Vital Signs

Forgotten Voices: How Buchenwald Lived On

When I visited Buchenwald concentration camp, near Weimar, in 1988, in what turned out to be the last year of German partition, the Soviet Union's use of the camp for five years after World War II was hardly to be spoken of inside what, with memorable irony, was still called the German Democratic Republic; my research on this forgotten episode had to be done on the other side of the barbed wire, in West Berlin (see "Buchenwald's Second Life," Chronicles, July 1989). By a happy chance that article appeared only a few weeks before the Wall came down in Europe. But it is now clear that it was based on inadequate sources. My research had failed to discover any survivors from former Nazi camps maintained by the Soviets between 1945 and 1950—there was no one, it seemed, to be interviewed—and I was forced to depend on a few sparse documentary sources.

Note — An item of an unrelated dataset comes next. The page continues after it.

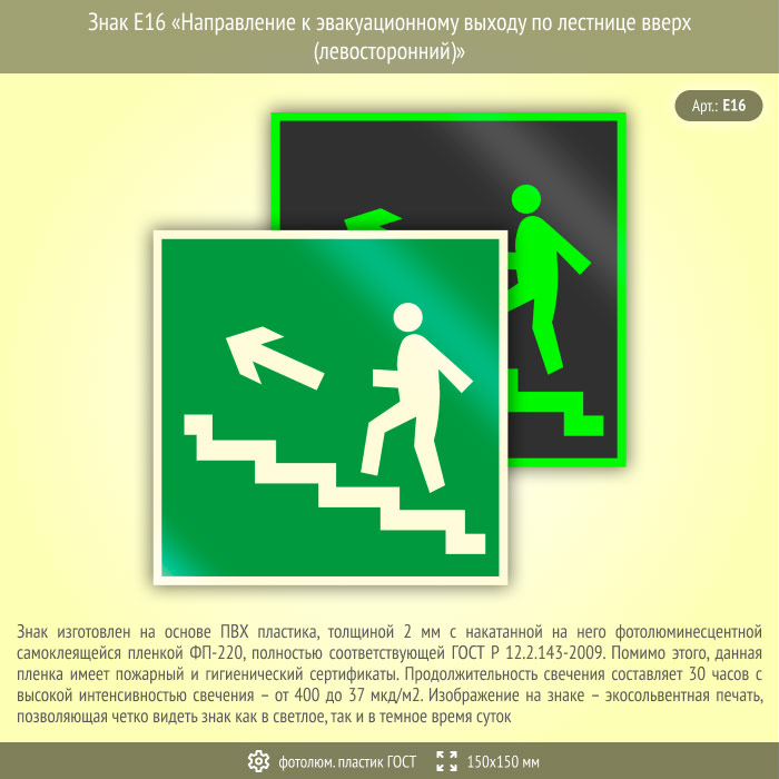 Знак E16 «Направление к эвакуационному выходу по лестнице вверх (левосторонний)» (фотолюминесцентный пластик ГОСТ 34428-2018, 150х150 мм) в Лобне купить

Now, with the Wall down, the past is speaking and the forgotten voices are being heard. In the summer of 1991 a survivor of Soviet Sachsenhausen, a major Nazi camp near Berlin, published recollections of his arrest as a teenager in May 1946 and his detention in Torgau, Bautzen, Sachsenhausen, and Waldheim, as well as inside the Soviet Union itself. His name is Benno Priess, and his little book, Innocent in the NKVD Death-camps, which includes...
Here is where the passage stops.